Fans of Rod Serling’s “Night Gallery” will be at home amidst the paintings of Deann De La Ronde—her recent ones. The Wisconsin artist, once known for placid landscapes and sentimental animals, has dramatically shifted her focus toward the surreal and—in some cases— the grotesque. A small collection of De La Ronde’s newer work can be seen at Landmarks Gallery, 231 N. 76th Street.
Some of the paintings at Landmarks suggest that De La Ronde has engaged with the subterranean “dark art” movement, whose nightmarish, unsettling, macabre images have deep roots in the imagination of Francisco Goya and Hieronymous Bosch. If so, she has entered that realm along an avenue far removed from the hard-edged, science fiction of H.R. Giger. The Wisconsin painter has a profound interest in the culture of the Plains Indians, whose spiritual and mundane artifacts often involved sacred birds and feathers. The honeyed colors of My Body of Birds (oil on birch panel) presents a benign impression with its outlined female nude, cradling a bird against her smooth shoulder and surrounded by a flock of avians.

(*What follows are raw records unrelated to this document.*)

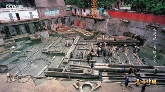 片中,还引用到古籍记载来加大对古蜀文明相关文物的考据。据《华阳国志·蜀志》记载:“开明王自梦郭移,乃徙治成都。”开明王或由于某个重要事件,或为了部族的生存和发展,决定将都城迁往成都。迁都后随即效仿中原礼制,在古蜀建立起宗庙礼乐制度。据文献记载,开明氏一族习水,长期与水和船相伴,逝后极有可能以船棺入葬,或留下商业街二次葬的奢华墓地。但由于缺乏文字记载,墓主身份尚无法推断。
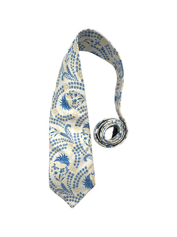 90s Gianfranco Ferré Krawatte Floral Pattern Seide Made In Italy Blau Weiß
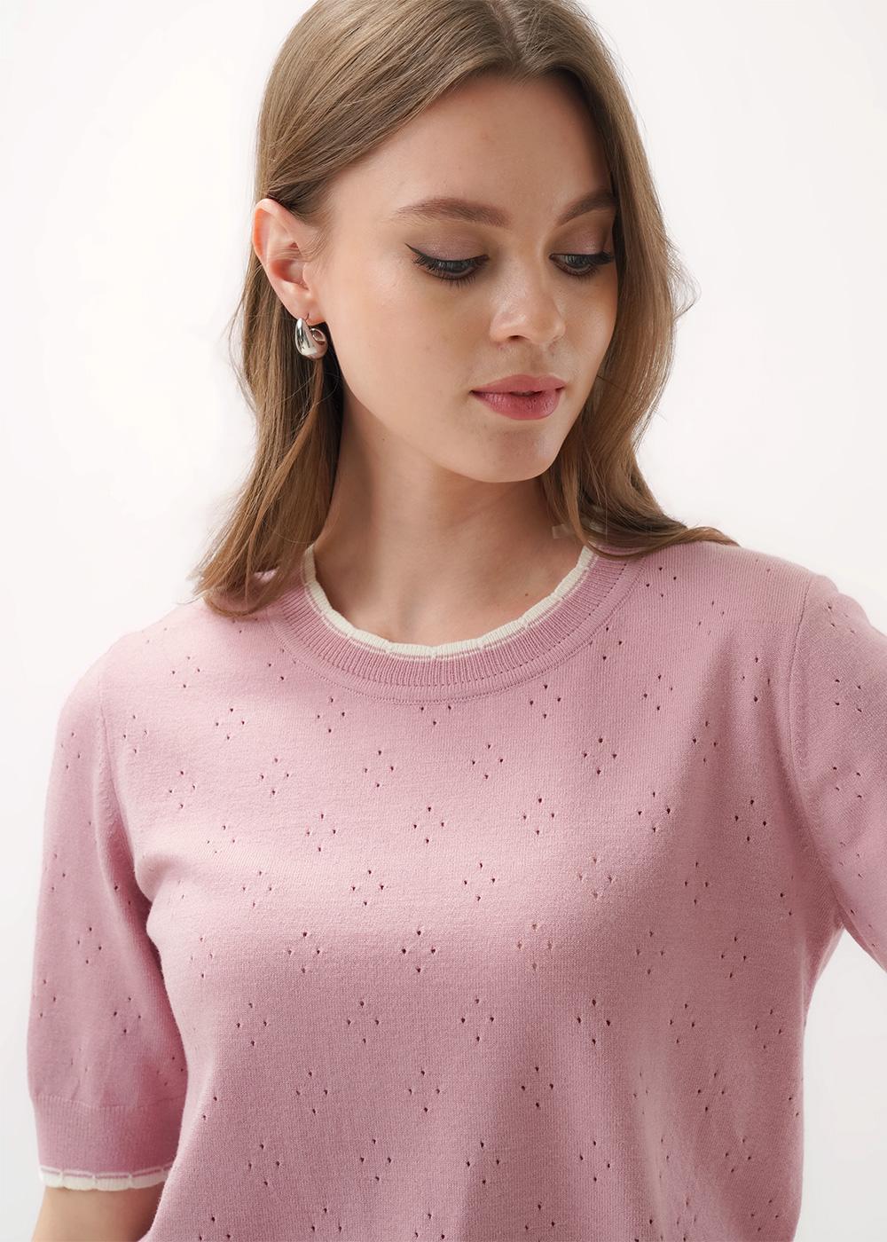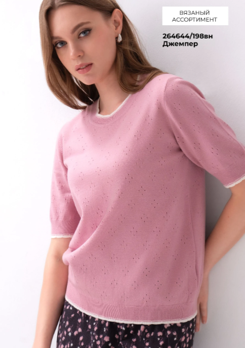 "Описание: Вязаный джемпер прямого силуэта из вискозной пряжи с добавлением нейлона, ажурного переплетения. Короткий втачной рукав. Округлая горловина с бейкой. По низу изделия и рукава манжет. По горловине, низу рукава и изделия контрастные фестоны.
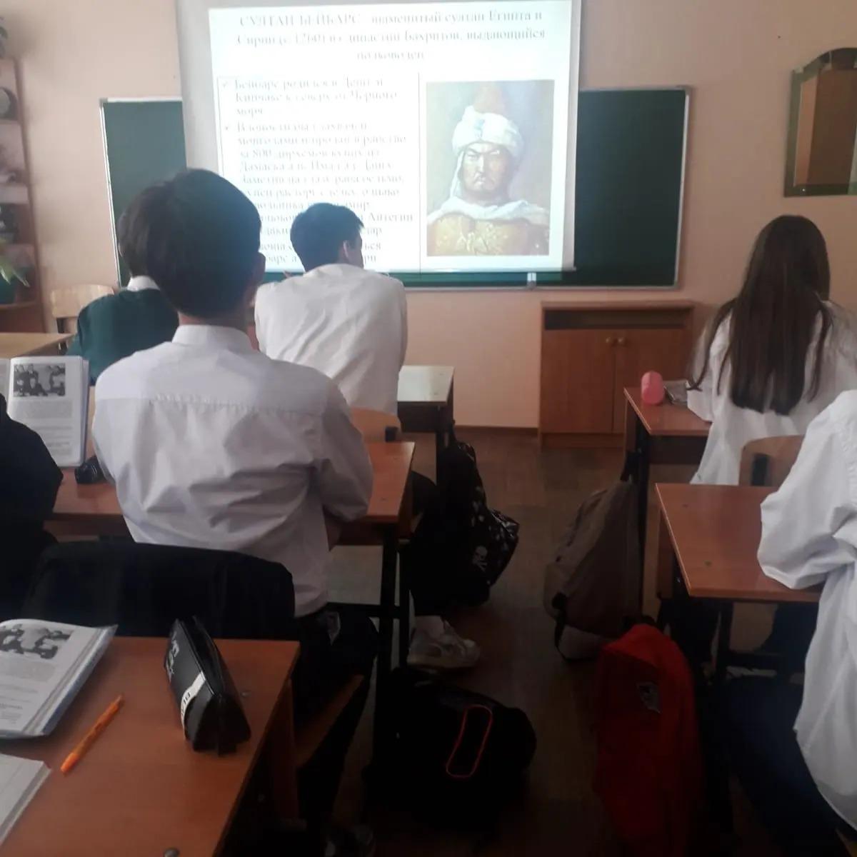Бейбарыс сұлтанның 800 жылдығына орай ЖББМ 121-де «Бейбарыс сұлтан ерлігі» тақырыбында сынып сағаттары өтті.В честь 800-летие Бейбарыс султану по КГУ ОШ 121 прошли классные часы на тему "Бейбарыс султаннын ерлiгi"
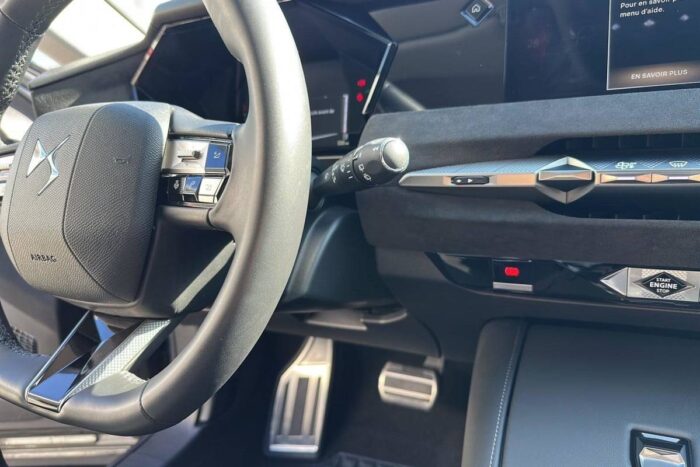 - Intérieur Alcantara Noir : Planche de bord en Alcantara Ciel de pavillon clair Sellerie en Tissu Tressé Basalte avec Alcantara et toile DS Décors de panneaux de porte Chrome guilloché Volant cuir Fleur Mistral Console en toile DS Noir Basalte Panneaux de porte en Alcantara et Toile DS Noir Basalte
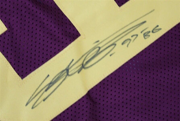 Custom on-field style jersey. Everything is sewn on, size XL. Hand-signed and inscribed in black paint pen by Everson Griffen. He added the inscription "BG" along with his signature. This autograph is certified by Beckett Authentication Services (BAS) Witness Certification. That means that a Beckett representative was present when this item was signed. It comes with the numbered authentication hologram and matching Certificate of Authenticity.
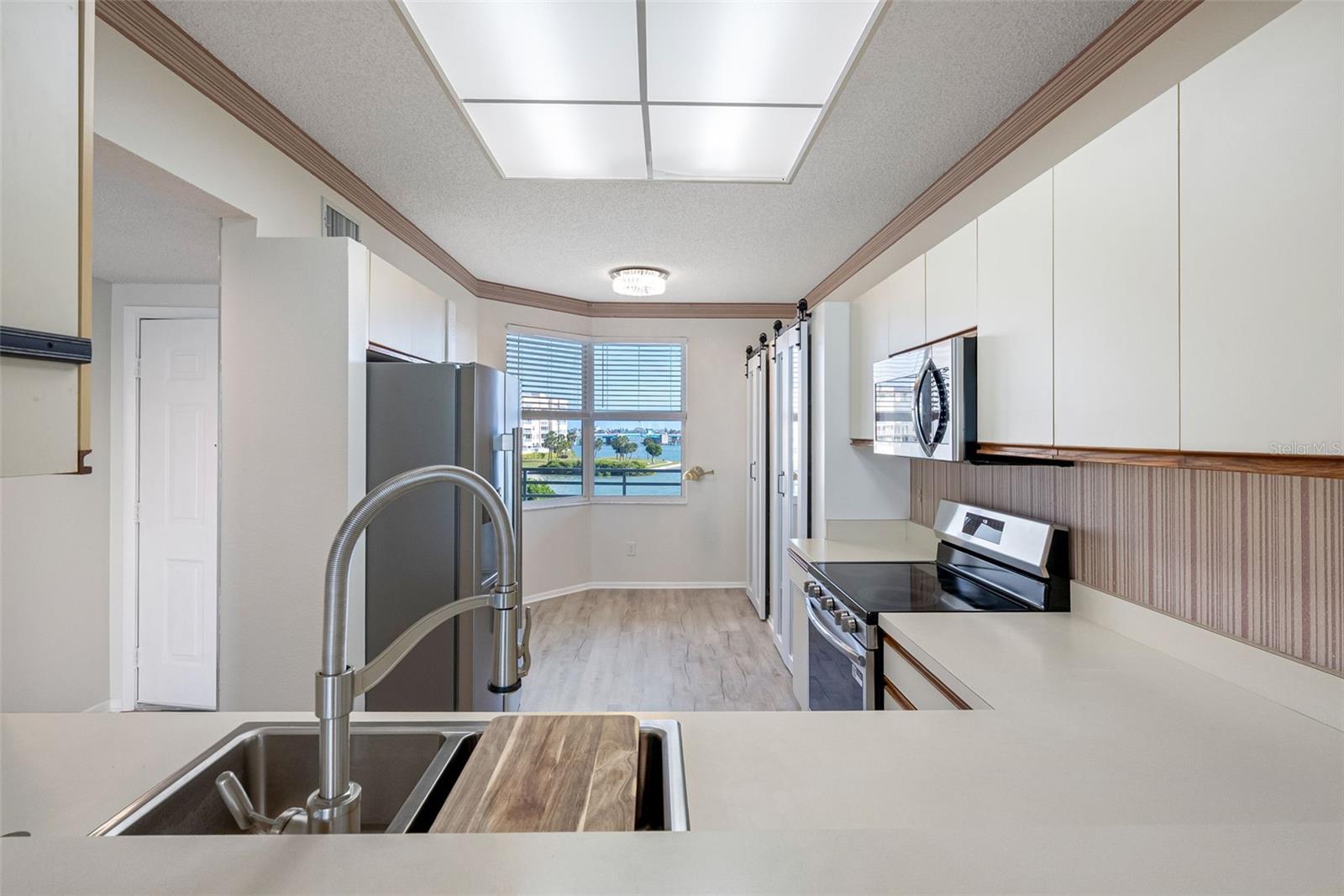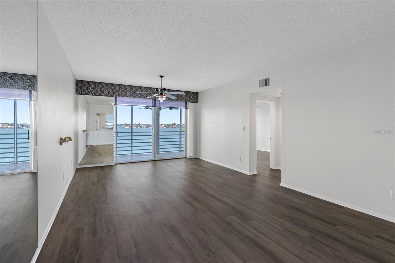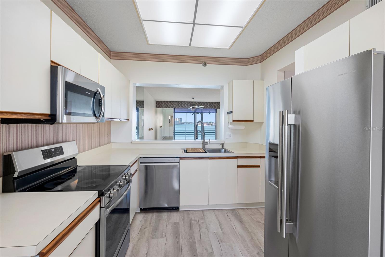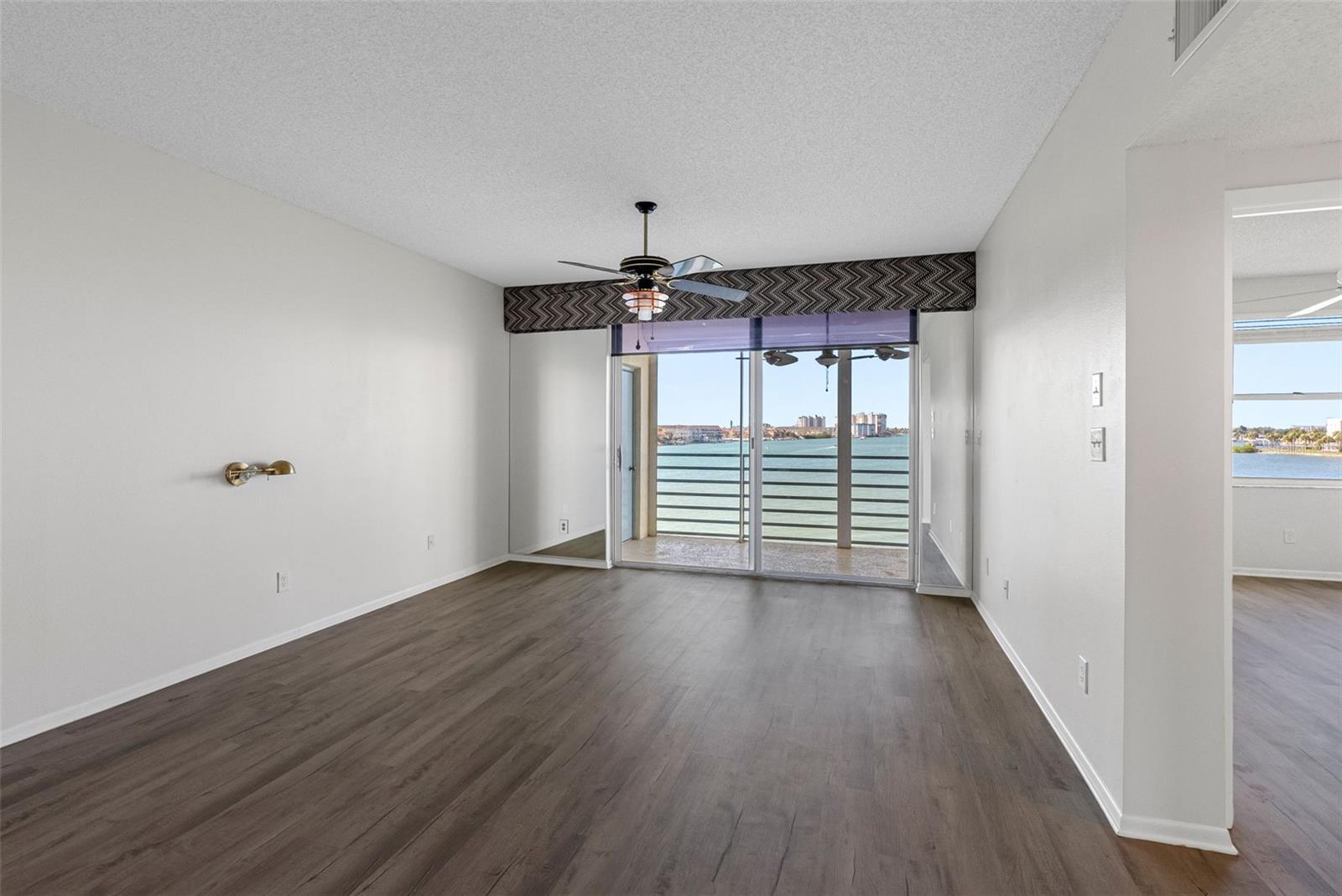 One or more photo(s) has been virtually staged. Experience BEAUTIFUL SWEEPING north and south panoramic water views of the Intracoastal Waterway from both the front and back of this exceptional 1BR, 2BA condo in the sought-after gated community of HarbourSide. You will enjoy gorgeous sunsets 365 days a year. The fabulous Intracoastal Waterway is right off your balcony filled with dolphins, manatees, pelicans and other marine life. An evening sunset, a glass of wine and you have arrived in paradise. This 980 sq. ft. unit with 9-foot ceilings has been freshly painted and new luxury vinyl plank flooring installed throughout along with new bifold doors. The kitchen has new stainless appliances, and a new washer/dryer inside the unit. The balcony has Gemstone flooring. No water intrusion in this condo with hurricane shutter protection. The HVAC and water heater are both new in 2019. The Windwards Association has passed the Milestone Inspection and the SIRS - no assessments pending or planned. It all comes down to location, location, location, and 7922 Sailboat Key #304 has the ultimate location. There is interior storage off the balcony and exterior storage near the 3rd floor elevator. This condo includes an assigned covered parking space #45 and additional guest parking in the front of the building. HarbourSide buildings are constructed of solid steel reinforced concrete which makes the units very quiet and the structure very strong. HarbourSide is a pet friendly, 24 hour guard-gated private island community with fabulous amenities including beautifully landscaped grounds, a marina with 87 deeded slips, kayak storage, 5 tennis courts with pickle ball, 6 pools, shuffleboard, saunas and a hot tub, a 1.5 mile waterside walking path, his/hers fitness centers, a country club style clubhouse with an active social agenda, 3 car wash stations with vacuum and air, electric charging stations, a short bike ride to the beach and much more. HarbourSide is close to shopping, dining, medical facilities, entertainment venues, the revitalized downtown St Petersburg, world class Gulf beaches, major sport venues, international airports and Disney World. Close to everything, yet a world away! This is resort style living at its finest!! HarbourSide is an all-ages community.
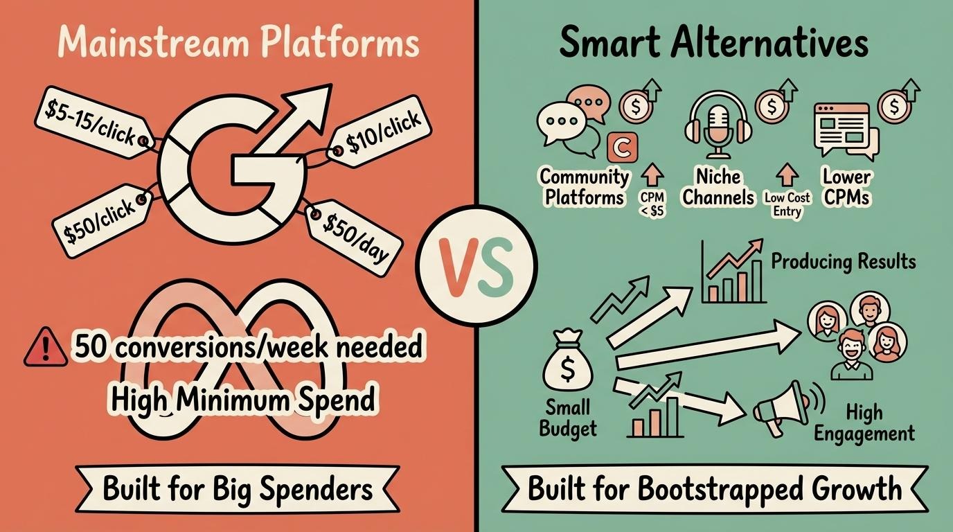 The best channels for bootstrapped teams let you test with $500-$2,000 per month and still generate enough data to make decisions. If a platform requires $10,000 per month before its targeting kicks in, it is built for funded companies.
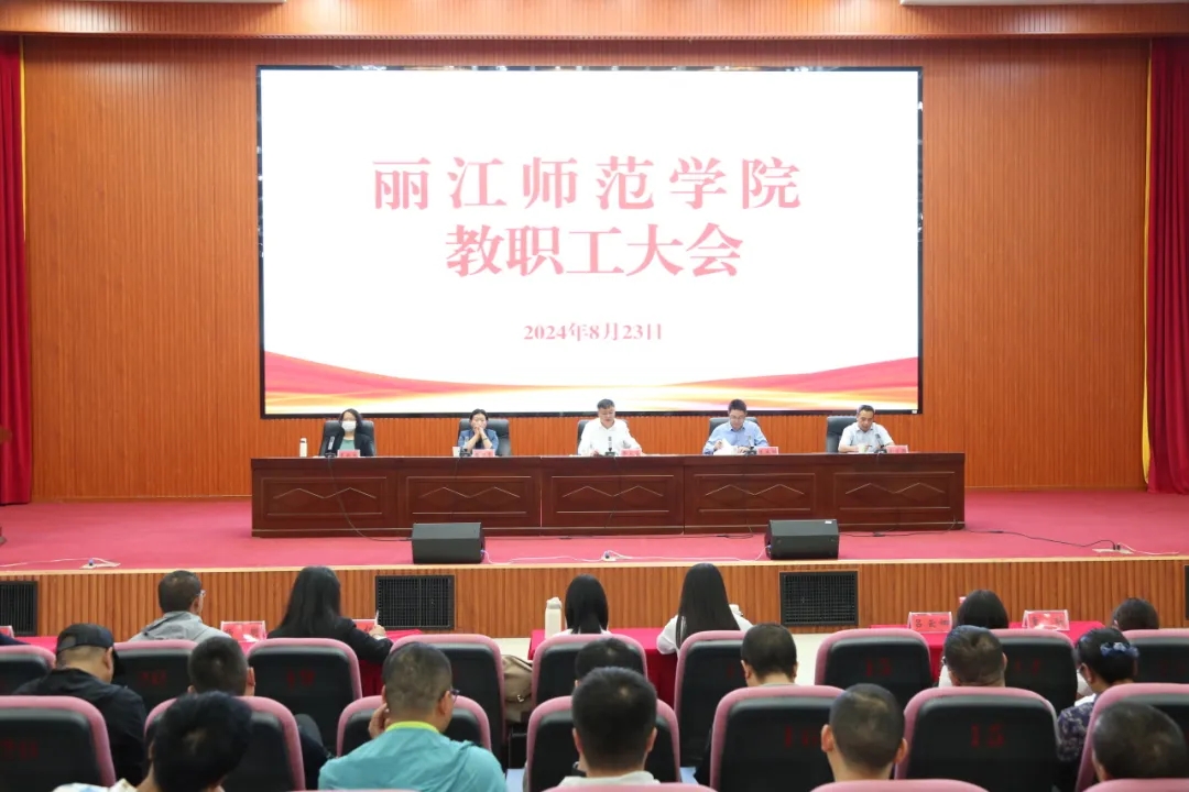 他指出,今年,学校已经实现了升本目标,在进入新起点,开启新征程,承担新使命、接续新奋斗的进程中,全校师生要做好“五个力”。一是把准历史方位稳定力。准确把握学校发展的历史方位,坚持扎根丽江、立足滇西北、服务云南、面向全国、融入一带一路的办学定位不动摇,明确建设教师教育特色鲜明的高水平地方应用型大学的办学目标。二是深化改革创新增动力。全面改革增强动力,建立适应本科办学要求的制度体系,提高学校治理体系和治理能力现代化水平;推进创新激发活力,牢固树立本科意识、本科思维、本科理念、本科追求、本科目标、本科标准、本科制度等。三是聚焦一流标准强能力。学校高质量发展必须对标一流学科、一流专业、一流课程标准,以更高的站位、更广的视野、更大的格局、更宽的胸怀,更加主动地识变应变求变,更加自觉地改变思维方式和行为方式,更加积极地提高学习能力、教学能力、科研能力、管理能力、服务能力、宣传展示能力,全面提升人才培养质量。四是提升精神气质展魅力。学校精神气质主要是一所学校独特的文化特质、文化符号和文化底蕴。要秉承“德高业实、丽泽三江”的校训,弘扬和践行“崇德尚学、求是创新”的校风、“学为人师、行为世范”的教风、“博学弘德、励志笃行”的学风,全面推动团结丽师、质量丽师、品牌丽师、活力丽师、文明丽师建设。五是优化党建思政聚合力。学校发展需要众志成城、需要全体参与、需要齐心协力。要以高质量思政工作统一思想、统一意志、统一行动,形成“心往一处想、劲往一处使”的良好氛围,凝聚高质量发展强大合力。
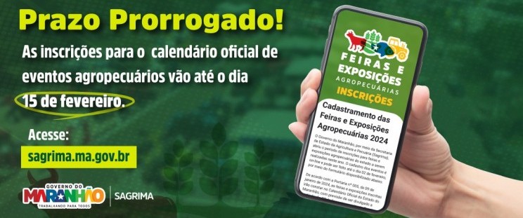 O Governo do Maranhão, por meio da Secretaria de Estado de Agricultura e Pecuária (Sagrima), prorrogou até o dia 15 de fevereiro o prazo para as inscrições das feiras e exposições agropecuárias no Calendário Oficial do Estado do Maranhão, conforme a Portaria Nº 012, de 31 de janeiro de 2024.
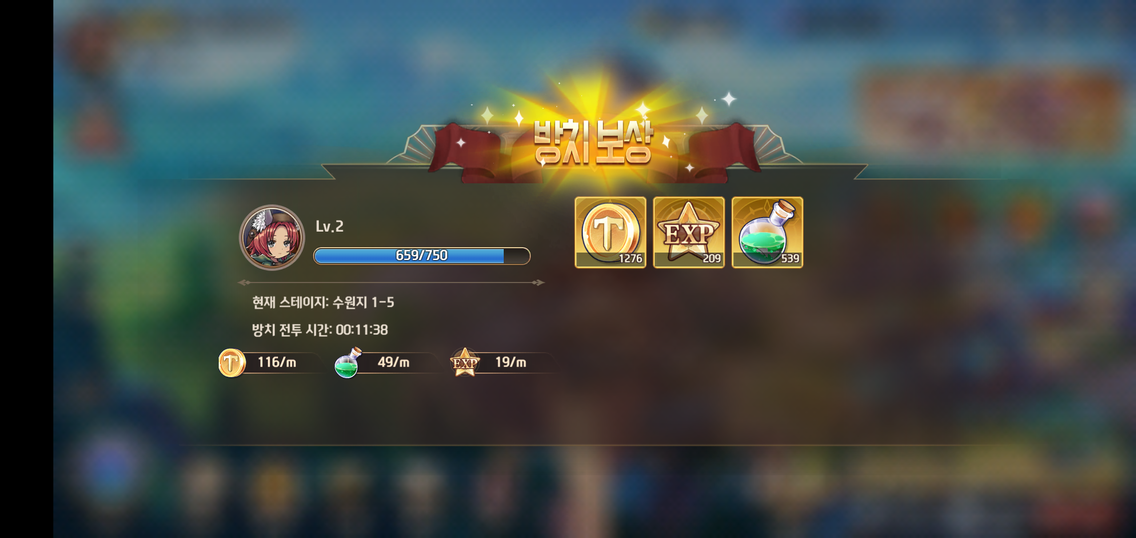 소녀X헌터는 전투를 진행하지 않아도 클리어한 스테이지에 따라 방치형 전투가 진행됩니다. 그에 따른 경험치와 함께 추가 보상도 주어져 알아서 성장하고, 접속해 플레이를 해야 한다는 부담감도 크지 않아 보아 여유로운 플레이를 즐길 수 있습니다.
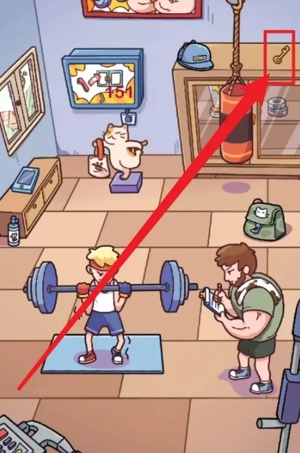 3、钥匙开柜,砝码放入举重杠杆完成挑战。
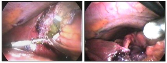 - Ungureanu, F.D.; Cucu, S.; Gadea, A.; Mihelis, M.; Mircea, G.; Dragomir, R.; Moldovan, A.C. Drenajul transomfalic extraperitoneal al cavitatii restante hepatice posthidatice pe cale laparoscopica. Chirurgia 2004, 99, 159–165. [Google Scholar]
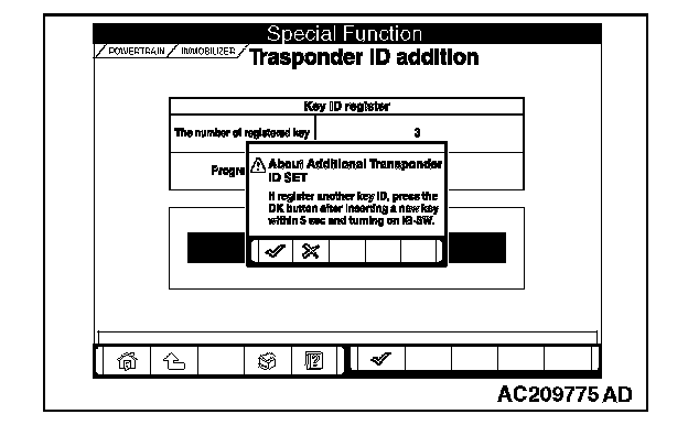 6. If an additional registration is made successfully, the screen will ask if another key is registered or not. If the third ignition key is registered, remove the key, which has been registered. Then insert the third key within five seconds, and then turn it to the ON position.
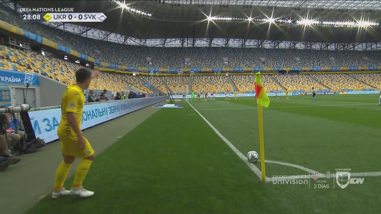 28' Ucrania toca la puerta de Martin Dúbravka con disparo de Yaroslav Rakitskiy

Other paintings, however, suggest that the birds have less friendly intentions. In Majestic Noblesse (oil glaze on gesso) and The Entry (oil on canvas), great beaked birds, some of them under hooded garments, have gathered in sinister congress. With their lurid color scheme of plum and orange and farrago of weirdly anthropomorphic shapes, both paintings would have been apt illustrations for Serling’s macabre tales.